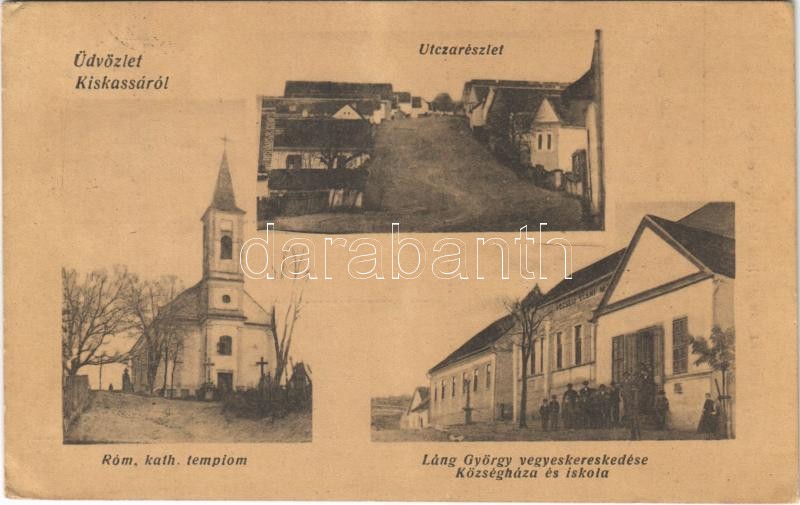 1942 Kiskassa, utca, Római katolikus templom, Láng György vegyeskeresk... https://www.darabanth.com/hu/397-Gyorsarveres/397.0/Kepeslapok/Magyarorszag~1000004/1942-Kiskassa-utca-Romai-katolikus-templom-Lang-Gyorgy-vegyeskereskedese-kozseghaza-isko~II2419630
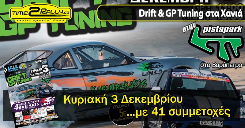 Την Κυριακή 3 Δεκεμβρίου, στην Pista Park των Χανίων, θα διεξαχθεί ο τελικός αγώνας Drift και GP Tuning που διοργανώνει το Αθλητικό Σωματείο Αυτοκινήτων Χανίων (ΑΣΑΧ) και η Αθλητική Λέσχη Αυτοκινήτου Χανίων (ΑΛΑΧ).
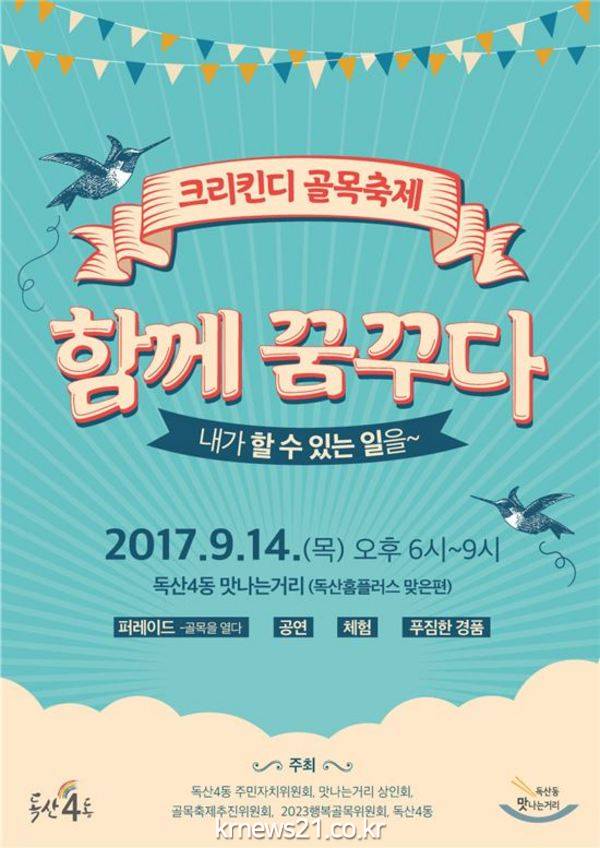 금천구 독산4동 ‘맛나는거리’에서 14일 오후 6시부터 주민들이 직접 기획하고 추진하는 ‘크리킨디 골목축제’를 개최한다.

What you have to do
What is wanted is the listing, written out exactly, with each picture removed.

Problem solution
 1942 Kiskassa, utca, Római katolikus templom, Láng György vegyeskeresk... https://www.darabanth.com/hu/397-Gyorsarveres/397.0/Kepeslapok/Magyarorszag~1000004/1942-Kiskassa-utca-Romai-katolikus-templom-Lang-Gyorgy-vegyeskereskedese-kozseghaza-isko~II2419630
 Την Κυριακή 3 Δεκεμβρίου, στην Pista Park των Χανίων, θα διεξαχθεί ο τελικός αγώνας Drift και GP Tuning που διοργανώνει το Αθλητικό Σωματείο Αυτοκινήτων Χανίων (ΑΣΑΧ) και η Αθλητική Λέσχη Αυτοκινήτου Χανίων (ΑΛΑΧ).
 금천구 독산4동 ‘맛나는거리’에서 14일 오후 6시부터 주민들이 직접 기획하고 추진하는 ‘크리킨디 골목축제’를 개최한다.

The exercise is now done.